Introduction to ML-Bench: Evaluating Language Models and Agents
ML-Bench is a comprehensive platform designed to evaluate large language models and agents using repository-level code for machine learning tasks. The focus is on measuring how effectively these models operate in real-world coding environments. The project offers a robust framework for testing, tuning, and benchmarking language models across various tasks.
Prerequisites
To get started with ML-Bench, users should clone the repository along with its submodules. This can be accomplished using the --recurse-submodules
flag when cloning with Git. This ensures all the necessary components are included. After cloning, install the required dependencies listed in the requirements.txt
file using pip.
Data Preparation
ML-Bench provides a specific dataset that can be loaded using Python. This dataset includes a variety of columns such as GitHub repository IDs, URLs, and specific paths to files needed for the tasks. Additionally, it offers instructional content, oracle guidance for task completion, and expected outputs. Users may need to conduct post-processing on the dataset to ready it for use with ML-LLM-Bench, involving simple shell scripting.
ML-LLM-Bench: Language Model Evaluation
Environment Setup
To run ML-LLM-Bench, users can deploy a Docker container for an isolated environment, simplifying model execution and testing. Docker commands are provided for pulling and running the required ML-Bench image. Additionally, scripts are available to download all necessary model weights, which might take some time due to size.
Usage and Execution
Users should place their execution results in a designated directory and modify script parameters to point to the correct paths for input and logs. By executing a provided shell script, testers can begin running evaluations and later view results and logs for detailed insights into model performance.
API Calling and Performance Reproduction
The project provides scripts to test OpenAI's models on ML-Bench tasks.

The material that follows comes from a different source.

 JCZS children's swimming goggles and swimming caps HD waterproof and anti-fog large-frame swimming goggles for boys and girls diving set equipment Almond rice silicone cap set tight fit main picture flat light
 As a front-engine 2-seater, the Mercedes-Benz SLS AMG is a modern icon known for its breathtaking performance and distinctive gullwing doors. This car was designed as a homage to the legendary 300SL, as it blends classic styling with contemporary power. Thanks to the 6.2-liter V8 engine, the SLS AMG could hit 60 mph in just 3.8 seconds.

This involves setting various parameters such as model type, input file paths, and choosing execution settings. Users must provide their OpenAI API key to enable these functionalities.
Fine-tuning Open Source Models
ML-Bench supports fine-tuning for open-source models through specific pipelines. It provides scripts to reproduce the performance of models like CodeLlama on given tasks. Fine-tuning involves adjusting models based on task descriptions to generate code snippets effectively.
Inference Process
Inference performance for models can be reproduced using a straightforward script that specifies model names, task details, and input prompt files.

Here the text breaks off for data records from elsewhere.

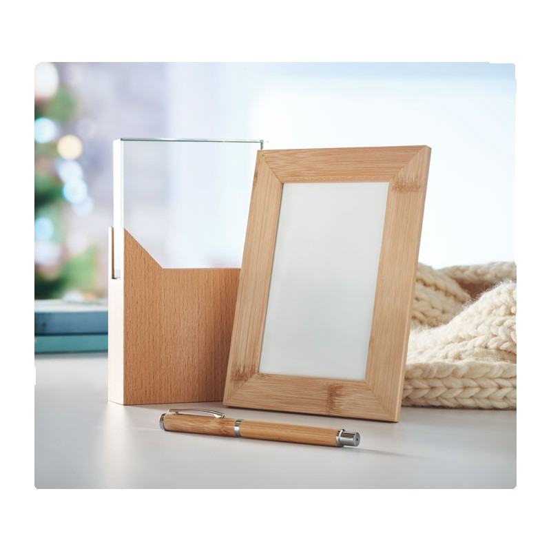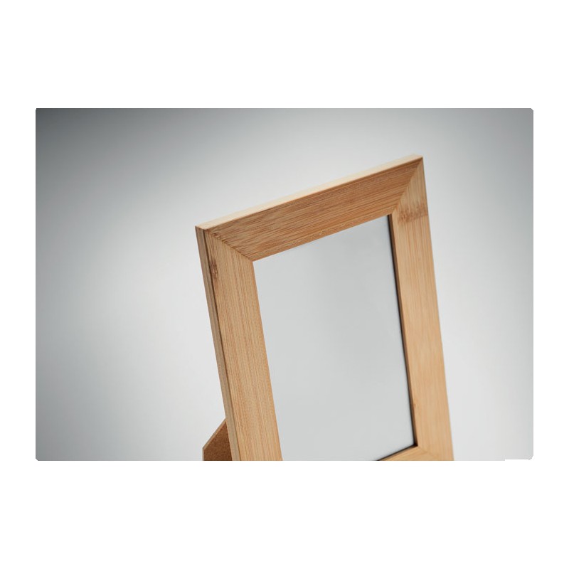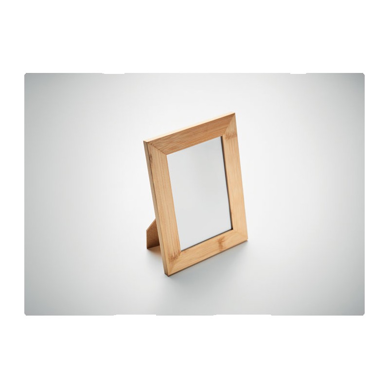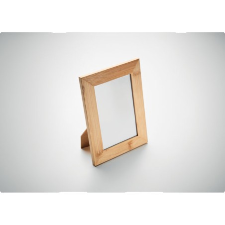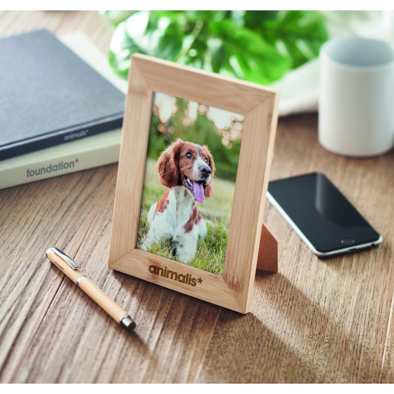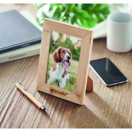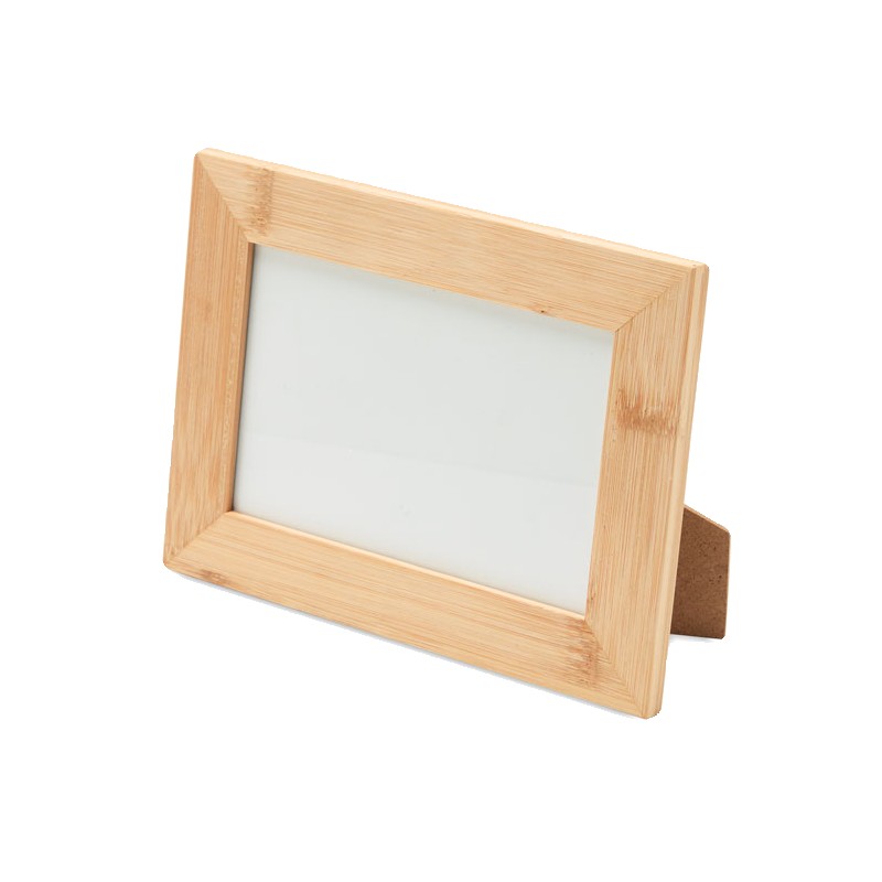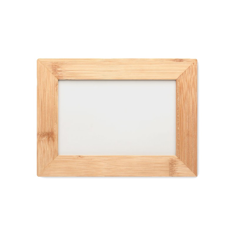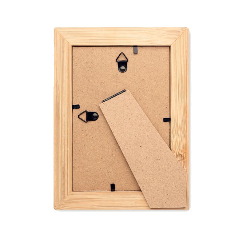 Cadre photo en bambou. Le cadre peut être suspendu, en position verticale ou horizontale. Taille de la photo : 15 x 10 cm. Le bambou est un produit naturel, et présente de légères variations de couleur, de décoration et de tailles.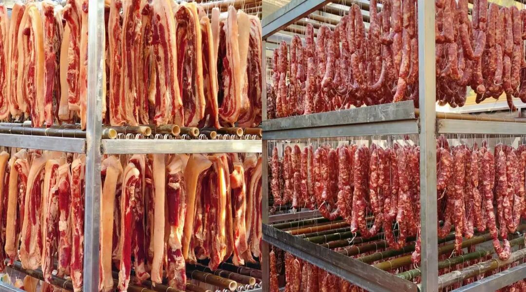 腌制完成后,臘肉與香腸需懸掛于通風向陽的高處,進行 2-3 天的自然晾曬。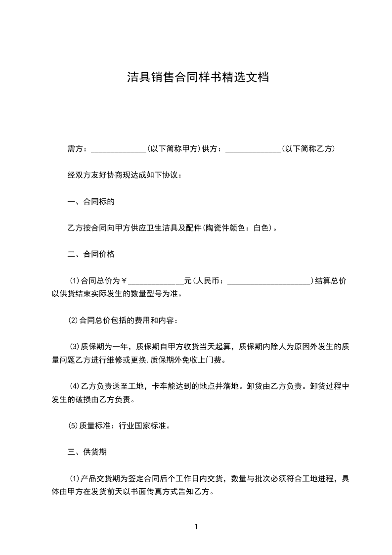 乙方按合同向甲方供应卫生洁具及配件(陶瓷件颜色:白色)。
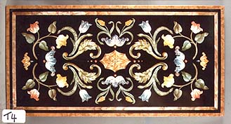 Coming in any sharpe and size the scagliola table tops/wall pannels can be ordered with any design and on various marble backgrounds (beige, white, green, black, dark red etc.).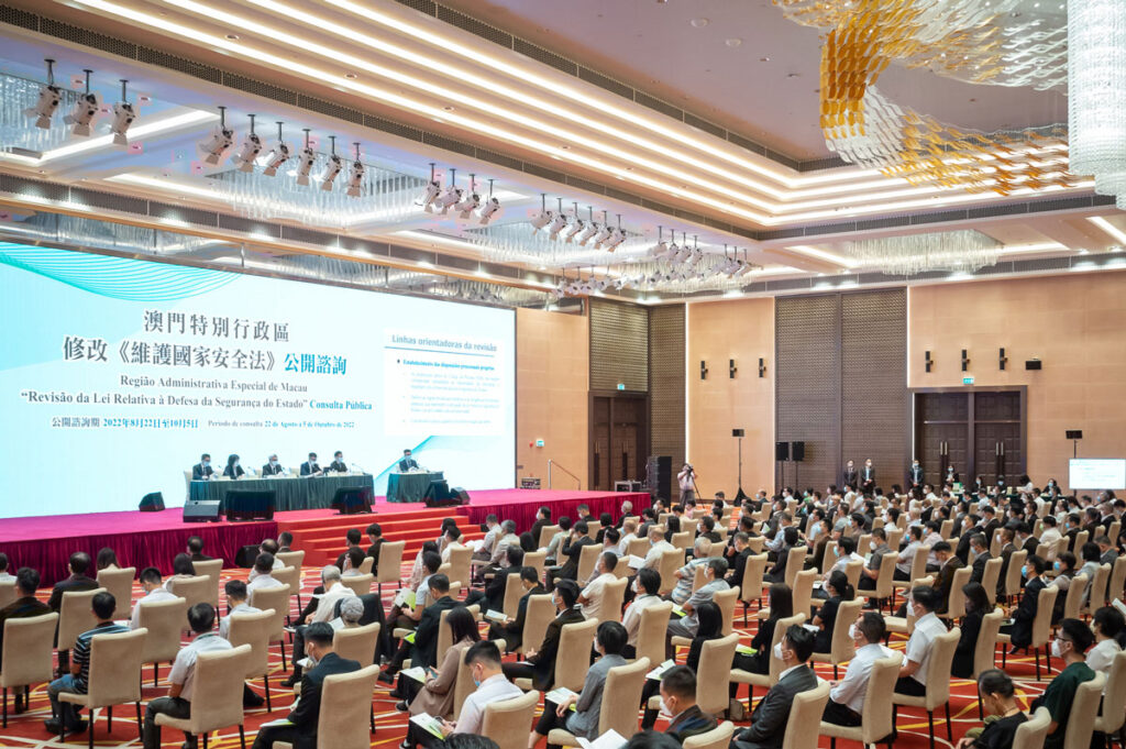 修改《維護國家安全法》公開諮詢會運輸工務界別專場,昨日下午三時在中葡平台綜合體舉行,逾二百人出席。保安司司長黃少澤致詞表示,維護國安不僅是特區的憲制責任,也是包括澳門居民在內全中國人民的法定責任,因此,維護國安法的完善十分需要社會各界以及全體居民的關心,積極參與推動。基於此,特區政府決定就修改國安法由今年八月二十二日起展開為期四十五天的公開諮詢,希望廣泛聽取意見及建議,凝聚最大社會共識,訂出修法方案,爭取早日啟動修法程序。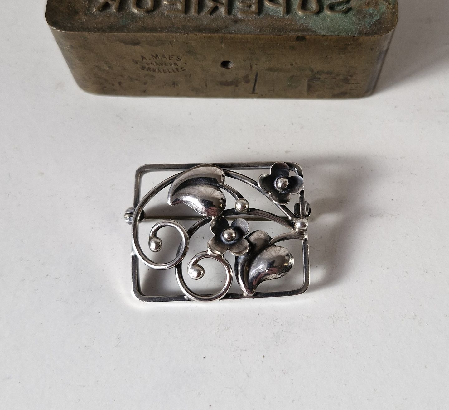 Broche i sølv dekoreret med blomsterStemplet: Mesterstempel - 830s - 367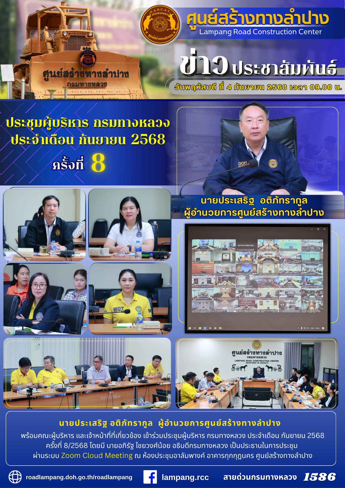 พร้อมคณะผู้บริหาร และเจ้าหน้าที่ที่เกี่ยวข้อง เข้าร่วมประชุมผู้บริหาร กรมทางหลวง ประจำเดือน กันยายน 2568 ครั้งที่ 8/2568 โดยมี นายอภิรัฐ ไชยวงศ์น้อย อธิบดีกรมทางหลวง เป็นประธานในการประชุม ผ่านระบบ Zoom Cloud Meeting ณ ห้องประชุมอาลัมพางค์ อาคารกุกกุฎนคร ศูนย์สร้างทางลำปาง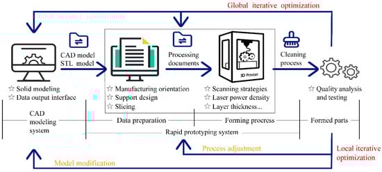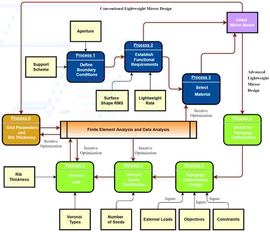 Additive manufacturing (AM) from bottom to top and with layer-by-layer printing has completely changed the conventional method (Figure 1). It dramatically reduces the difficulty of manufacturing complex structures and derives a new design method, design for additive manufacturing (DfAM). The core technology of DfAM is simulation-driven optimization design technology, including creation-based design technology, topology optimization design technology, lattice design technology, parameter optimization design technology, and simulation analysis technology []. DfAM can redesign the whole part to maximize the advantages of AM. Advanced lightweight mirror (ALM) is a new-type mirror that was designed combined with AM and DfAM. AM and DfAM can improve the freedom and structural innovation for designing mirrors, along with a reduction in lead time.

ML-Agent-Bench: Agent Evaluation
For evaluating agent-based systems, ML-Agent-Bench offers a similar Docker-based setup. This ensures consistent evaluation environments and requires pulling and running pre-configured Docker images. Additional setup guidance is available for those using the OpenDevin system.
Licensing
ML-Bench is shared under the MIT License, providing freedom to use, modify, and distribute the software within certain terms. Users should refer to the LICENSE
document for full details.
ML-Bench provides a structured, methodical approach for evaluating and enhancing large language models and agents across real-world machine learning tasks by leveraging organized data, Dockerized environments, and comprehensive scripting supports, making it a valuable tool for developers and researchers alike.